Relish a BRIEF ENCOUNTER with Mary Shelley, the grand dame of the gothic imagination, in this incredible trio of supernatural tales of longing and loss
Three supernatural tales of longing and loss from the grand-dame of Gothic fiction, Mary Shelley
When a storm drives their boat towards the rocks, a group of sailors is saved by the light of a ruined tower. The locals speak of the Invisible Girl who haunts it – a lost, wandering soul. But the truth is more disturbing, and far more human, than any ghost story.

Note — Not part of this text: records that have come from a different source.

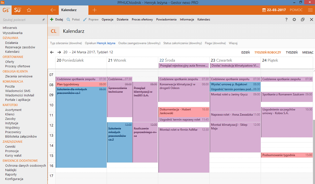 • wielowidokowy kalendarz z zaplanowanymi czynnościami
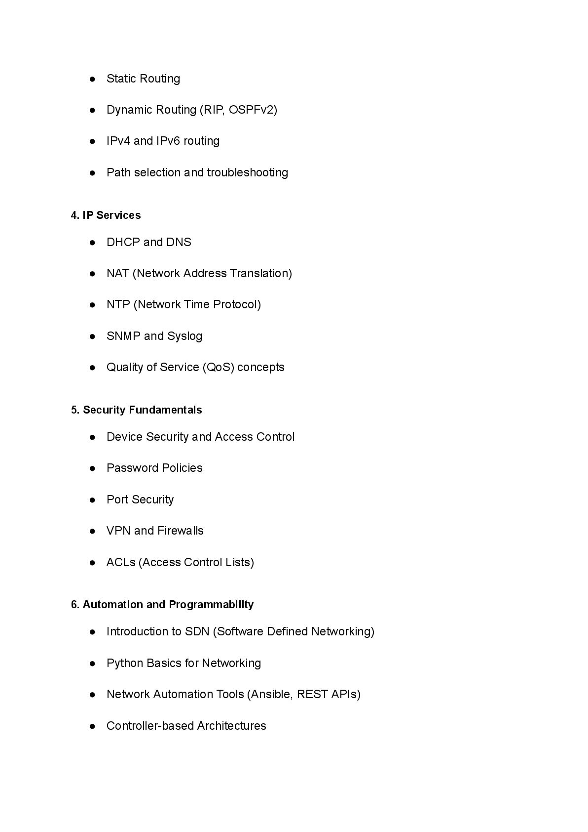and IPv6 routing • Path selection and troubleshooting 4. IP Services • DHCP and DNS • NAT (Network Address Translation) • NTP (Network Time Protocol) • SNMP and Syslog • Quality of Service (QoS) concepts 5. Security Fundamentals • Device Security and Access Control • Password Policies • Port Security • VPN and Firewalls • ACLs (Access Control Lists) 6. Automation and Programmability • Introduction to SDN (Software Defined Networking) • Python Basics for Networking • Network Automation Tools (Ansible, REST APIs) • Controller-based Architectures
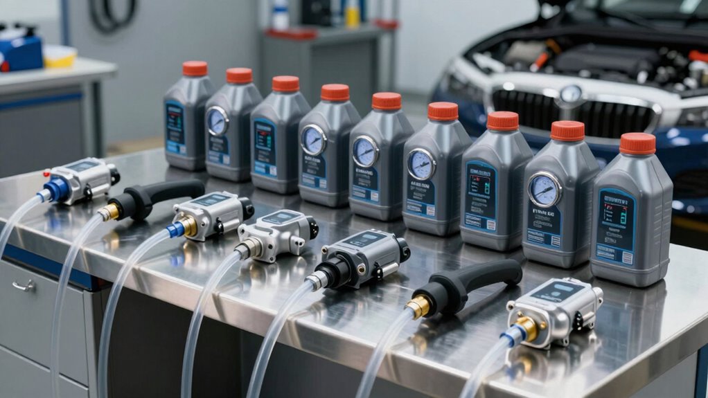 Ease of use is a crucial factor when selecting a transmission fluid evacuation and refill kit, as it directly impacts the efficiency and safety of the task. I look for kits with intuitive controls, like dual-way valves and trigger locks, that let me switch smoothly between extraction and refill modes. Clear pressure gauges and preset safety valves are essential to help me monitor pressure and avoid overpressure mishaps. I prioritize systems that are easy to assemble and disassemble, saving me time and effort during setup and cleanup. Labels on adapters and hoses simplify connections, reducing mistakes and frustration. Additionally, ergonomic features such as built-in handles and organized storage cases make handling more comfortable and convenient, ensuring I can work efficiently without unnecessary strain.
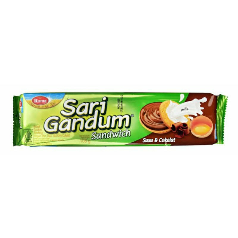 Sari Gandum Sandwich adalah biskuit yang terbuat dari gandum dan kandungan susu dalam biskuitnya. Bentuknya agak berbeda dari biskuit gandum lainnya, karena yang satu ini berbentuk biskuit sandwich. Dimana dua biskuit ditumpuk dengan krim susu coklat ditengahnya. Biskuit Sari Gandum Sandwich ini merupakan biskuit produksi Roma.

Includes the stories: The Invisible Girl, The Mortal Immortal and The Mourner
BRIEF ENCOUNTERS: classic novellas and captivating stories, to be read in a single sitting or savoured over days
Mary Shelley was born in London in 1797, daughter of William Godwin and Mary Wollstonecraft, famous radical writers of the day. Mary’s mother died tragically ten days after the birth. Under Godwin’s conscientious and expert tuition, Mary’s was an intellectually stimulating childhood, though she often felt misunderstood by her stepmother and neglected by her father. In 1814 she met and soon fell in love with the then unknown Percy Bysshe Shelley, and in July they eloped to the Continent. In December 1816, after Shelley’s first wife, Harriet, committed suicide, Mary and Percy married. Of the four children she bore Shelley, only Percy Florence survived. They lived in Italy from 1818 until 1822, when Shelley drowned following the sinking of his boat Ariel in a storm. Mary returned with Percy Florence to London, where she continued to live as a professional writer until her death in 1851. The idea for Frankenstein came to Mary Godwin during a summer sojourn in 1816 with Percy Shelley on the shores of Lake Geneva, where Lord Byron was also staying. She was inspired to begin her unique tale after Byron suggested a ghost story competition. Byron himself produced “A Fragment,” which later inspired his physician John Polidori to write The Vampyre. Mary completed her short story back in England, and it was published as Frankenstein; or, The Modern Prometheus in 1818. Among her other novels are The Last Man (1826), a dystopian story set in the twenty-first century, The Fortunes of Perkin Warbeck (1830), Lodore (1835), and Falkner (1837). As well as contributing many stories and essays to publications such as the Keepsake and the Westminster Review, she wrote numerous biographical essays for Lardner’s Cabinet Cyclopaedia (1835, 1838–39). Her other books include the first collected edition of Percy Bysshe Shelley’s Poetical Works (4 vols., 1839) and a book based on the Continental travels she undertook with her son Percy Florence and his friends, Rambles in Germany and Italy (1844). Mary Shelley died in London on February 1, 1851.